Figure 2. — Preoperative STIR MRI (A) and sagittal CT (B) images of the L2 compression fracture. Postoperative sagittal CT image (C) of the patient injected with 3.5 cm³ bone cement in group 1, shows the corpus height increase in the anterior, middle, and posterior columns. Postoperative coronal (D) and axial (E) CT scans of unilateral percutaneous balloon kyphoplasty. CT, computed tomography; MRI, magnetic resonance imaging.

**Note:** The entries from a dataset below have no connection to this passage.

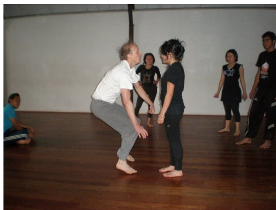
Ilustracion 5: Clase de cuerpo proceso formativo
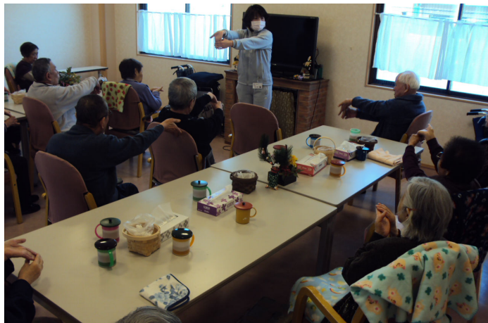
通所リハビリ(デイ・ケア)の様子

営業日：月曜日～金曜日 (年末年始・お盆・祝祭日を除く) 通所リハビリテーション 9:00～16:00 介護予防通所リハビリテーション 9:00～16:00
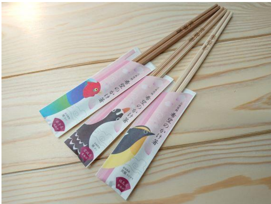
「希望のかけ箸」商品一例

国産の割り箸は間伐材、端材（丸太から建築用材を取った残り）等から製造され、環境にとっても優しい製品です。国内でみかける割り箸の95%以上は外国産木材でつくられているのに対し、磐城高箸でつくられている割り箸は、100%国産の杉材を使用しています。使用後の割り箸はボイラーで燃焼し新たな製品（割り箸）の乾燥に使われ、環境負荷ゼロに近づける努力をされているなど、循環型社会にも寄与しています。これらの事業活動は、ホテル京阪の経営姿勢の取り組みにも共通しており、またホテル京阪 仙台も東北をさらに元気になるよう一緒に盛り上げていきたいという思いから「希望のかけ箸」を一周年記念ノベルティとして選びました。フロントでは、三膳入りの割り箸の販売をいたしますので多くの方にご利用いただけることを願っています。
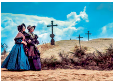
11., 12. 1. Nosferatu
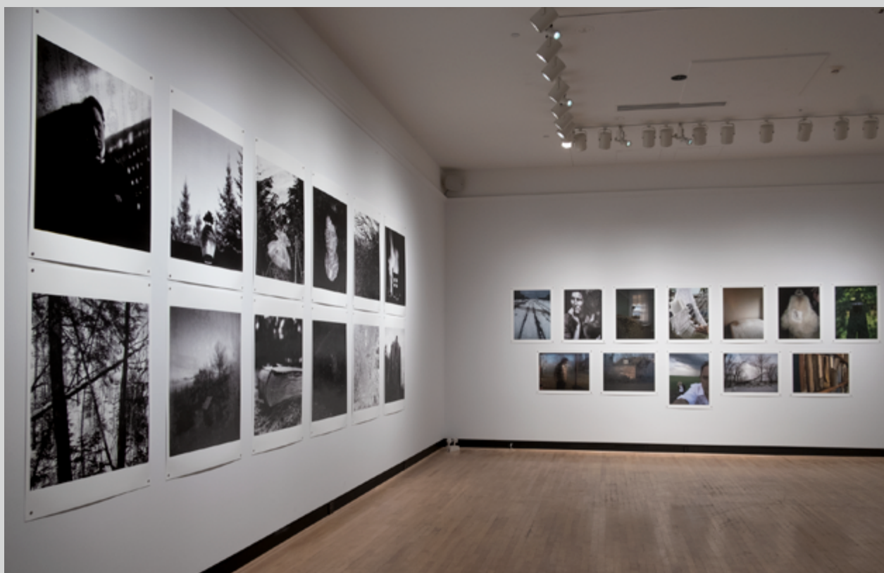
Vue de l'exposition, Galerie d'art Antoine-Sirois de l'Université de Sherbrooke, 2020, photo : François Lafrance

En plus, il fallait veiller à un certain équilibre et, ici, le nombre d'images retenues est suffisant pour donner une idée de la trame complète. Aucun des blocs ne vient voler la vedette, même si la taille des impressions de Miroirs acoustiques retient l'attention. Devant cette série, on s'interroge sur les masses montrées, dont les tons de gris se perdent dans les alentours et les végétaux. Ce sont des constructions paraboliques qui faisaient office de radars sur les côtes britanniques lors des deux guerres mondiales. On plaçait des microphones au point le plus cavé de leur concavité et on pouvait détecter les avions approchant. Certains se trouvent à Dungeness, en face de Dieppe, qui a aussi été un lieu
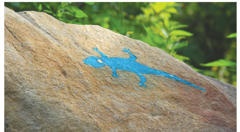
Камень - великан

Татьяна ПУТЕВСКАЯ.
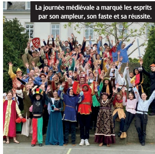
La journée médiévale a marqué les esprits par son ampleur, son faste et sa réussite.

Le 13 mai dernier, après des mois de préparation, les 5 e du collège Saint Gabriel ont vécu une journée à l'heure médiévale. Ce projet, bâti en début d'année par 3 professeures, avait pour but de plonger la centaine d'élèves concernés au cœur d'une journée de fête au Moyen-Âge : le couple royal français accueillait son homologue britannique, entourés de leur cour, du peuple et de nombreux ménestrels.
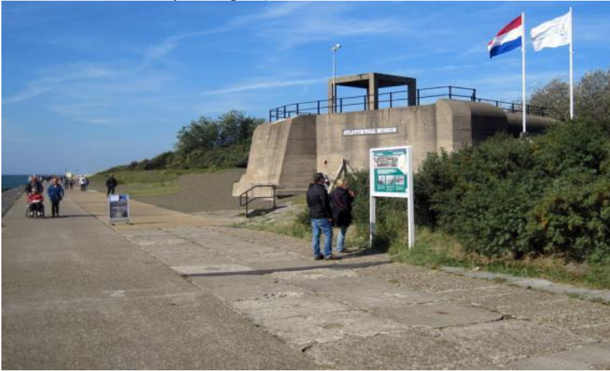
Resim 15: Hoek van Holland Atlantic Wall Museum, ( https://www.atlantikwall-museum.nl/home.html )

Figure 3. — Preoperative STIR MRI (A) with bone edema of the T12 compression fracture and sagittal CT scan (B) with the measurements of the columns. Postoperative sagittal (C) CT scan showing an increase in the corpus heights, coronal (D) and axial (E) CT of the patient in group 2 after unilateral kyphoplasty performed with 5.5 cm³ of PMMA. CT, computed tomography; MRI, magnetic resonance imaging; PMMA. poly-methyl methacrylate.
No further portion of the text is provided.